うーん。遠いねーん。
卒論用にたんまり本を借りてから,森ノ宮で乗り換え,大阪城公園駅まで。
一瞬,内回りと外回り間違うとこやった(笑)。
前回の記事に書いたとおり,行ってきました。
鬼才激突!@いずみホール
プロコフィエフ/古典交響曲
モーツァルト/ピアノ協奏曲第21番
チャイコフスキー/ヴァイオリン協奏曲
ピアノ独奏:ファジル・サイ
ヴァイオリン独奏:パトリツィア・コパチンスカヤ
指揮:岩村 力
管弦楽:大阪センチュリー交響楽団
何が書きたいって,もちろんコパチンスカヤさんのヴァイオリンはもう期待通りに良かったんです。が!
今日のびっくりはむしろ・・・ファジル・サイ。
俺,これまでファジル・サイに良いイメージがなかったんです。
前回の記事の話じゃないけど,俺はこれまで彼の自作曲(むしろ編曲?)のCDをちらっと聴いたりしたことがあって,少なくとも俺のモノサシの上でそれは“冒涜”に感じられるものでした。
舞台に出てきた瞬間から,舞台人とは思えないマッドなオーラを放ち(今思えばそれでとんでもない存在感があったのだが),前奏が始まってからもピアノにもたれかかって,ニヤニヤしながら音楽に合わせて体をゆすってました。
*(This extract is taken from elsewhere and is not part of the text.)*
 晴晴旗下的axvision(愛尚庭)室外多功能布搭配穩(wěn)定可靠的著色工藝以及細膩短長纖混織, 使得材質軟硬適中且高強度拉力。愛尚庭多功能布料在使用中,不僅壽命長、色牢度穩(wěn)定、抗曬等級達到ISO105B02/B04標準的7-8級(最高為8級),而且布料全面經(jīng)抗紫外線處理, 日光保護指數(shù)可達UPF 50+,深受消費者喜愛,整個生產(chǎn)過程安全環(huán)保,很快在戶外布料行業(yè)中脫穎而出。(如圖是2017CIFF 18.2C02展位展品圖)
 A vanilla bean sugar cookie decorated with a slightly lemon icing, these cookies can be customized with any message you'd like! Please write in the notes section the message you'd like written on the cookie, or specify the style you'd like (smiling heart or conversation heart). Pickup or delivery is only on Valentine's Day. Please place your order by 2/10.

そんな彼がしばらくして鍵盤から紡ぎ出した音は,そんな俺の偏見を一瞬で壊してしまいました。
『指揮者がいるのに,彼も手が空けばすぐ音楽を取り始めて,歌いながら弾く。』
直感的には異端な姿と写るものです。
でも,俺の貧相なボキャブラリーで言い表すなら,そんな諸々の(よもすればマイナスの)要素に関係なく,彼の音には音楽に対する愛情があふれていた・・・としか言いようがありません。
それはもはやピアノ協奏曲じゃなかった。
サイも指揮者で,彼のピアノはもう一つのオーケストラだった。
それくらい,圧倒的な“音楽”だった。
涙が出そうになったし,何度も喉を震わせた。
魂が揺さぶられる演奏でした。
ファジル・サイ,彼もホンモノです。
岩村さんの指揮での演奏は,初めて聴いたと思うけど,若いからか,緩衝楽章が苦手そう。さらに若輩者の俺が言うのもあれですが・・・。
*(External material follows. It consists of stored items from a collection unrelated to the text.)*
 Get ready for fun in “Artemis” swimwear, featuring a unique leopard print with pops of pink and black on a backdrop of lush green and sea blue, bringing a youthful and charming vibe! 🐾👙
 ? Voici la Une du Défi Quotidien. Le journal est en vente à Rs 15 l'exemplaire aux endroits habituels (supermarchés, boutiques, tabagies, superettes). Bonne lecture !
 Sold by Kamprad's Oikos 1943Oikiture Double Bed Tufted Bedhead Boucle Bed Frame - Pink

でも,とんでもなく良い音を引き出してるところもありました。
古典の後半楽章とか,チャイコの両端楽章のtuttiとか。
(ちなみにモーツァルトについては,俺の目にはサイが全てをコントロールしているように見えました。なんか,それは岩村さんの能力如何とかではなく,サイのスタイルな気がします。)
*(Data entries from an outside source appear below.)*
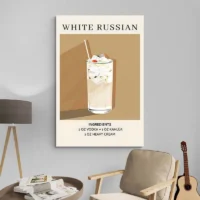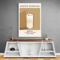 Cette Affiche Ingredients White Russian expose, de façon claire, les éléments du cocktail. Sur un fond blanc on voit un verre bas avec une couche sombre et une couche claire posée dessus. On remarque des glaçons anguleux, quelques grains de café brun foncé et la silhouette d’une bouteille. Le texte typographique noir liste les ingrédients. L’ensemble reste graphique, net. On sent la précision, assez ludique et un peu chaleureux.
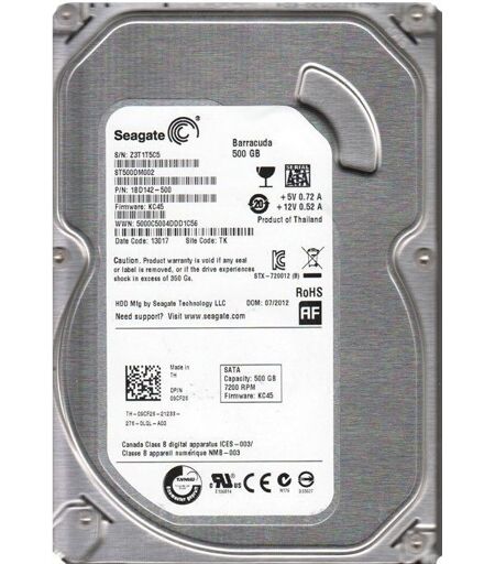 Marque : SEAGATE Modèle : ST500DM002 Interface : Serial ATA III Format de Disque : 3" 1/2 Capacité : 500 Go Vitesse de rotation : 7200 RPM Taille du cache : 16 Mo Produit de seconde main testé. ...
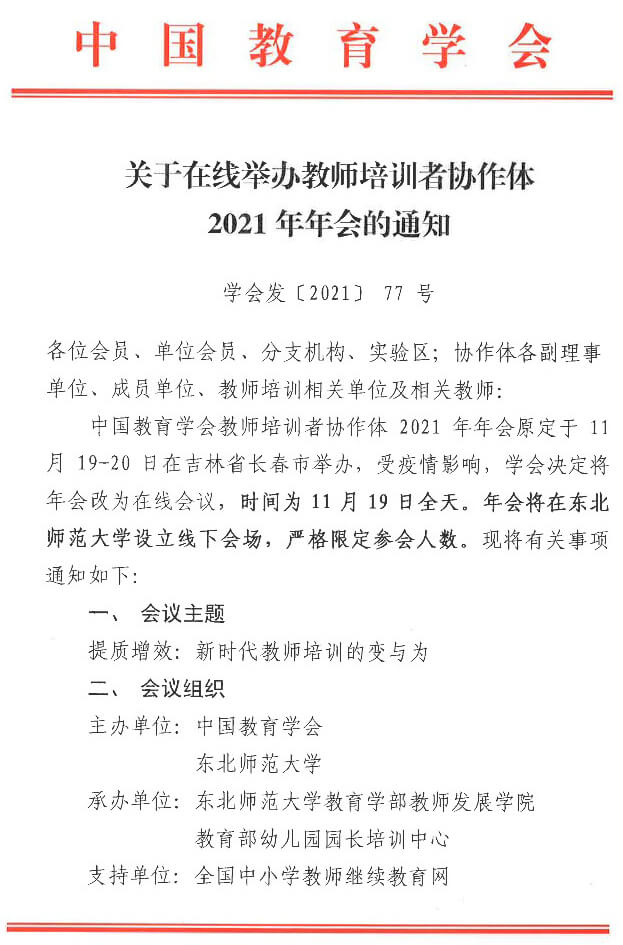 中国教育学会教师培训者协作体官方通知
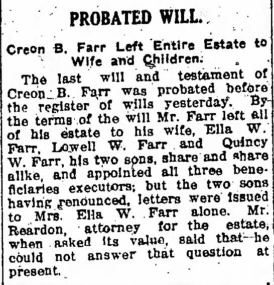 Creon Farr's probate Announcement
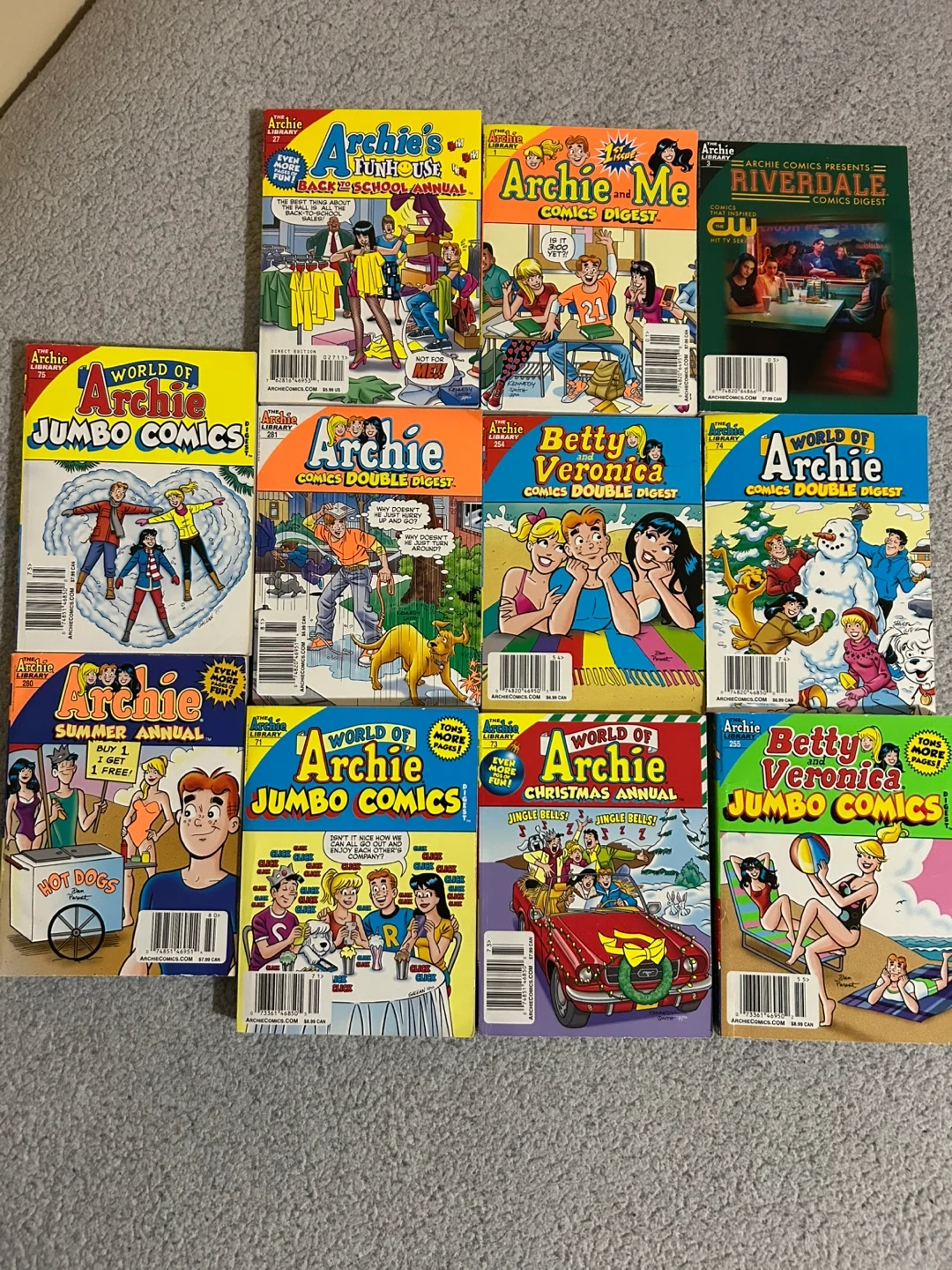 175Selling a lot collection of Archie comics! Includes various titles like Archie's Funhouse, Archie’s Double Digest, Archie and Me, Riverdale, World of Archie Jumbo Comics, and Betty and Veronica Comics Double Digest, and more! A fun mix of all the classic Archie stories!

チャイコでは,コパチンスカヤにいつも紙一重で置いていかれていた感。う〜ん,ちょっと残念。
まぁ書いてるのはちょっと酷評ですけど,フォローではなく,個人的にはこれからを期待してます。
同じ理系出身ってとこに親近感も感じるし(笑)。
チャイコフスキーのアンコールは,予想通り《クリン》でした。でも残念ながら後半部だけ。
サイのことばっかり書いてますが,コパチンスカヤさんについては前回絶賛記事を書いたので良しとしてください。
・・・帰りにタワレコに寄って,思わず買ってきてしまった。
ファジル・サイ&パトリシア・コパチンスカヤ スーパー・デュオ!
あー,こっちは2人の鬼才が本当に激突してる。
でもやっぱ,ライブの方がいいね(笑)。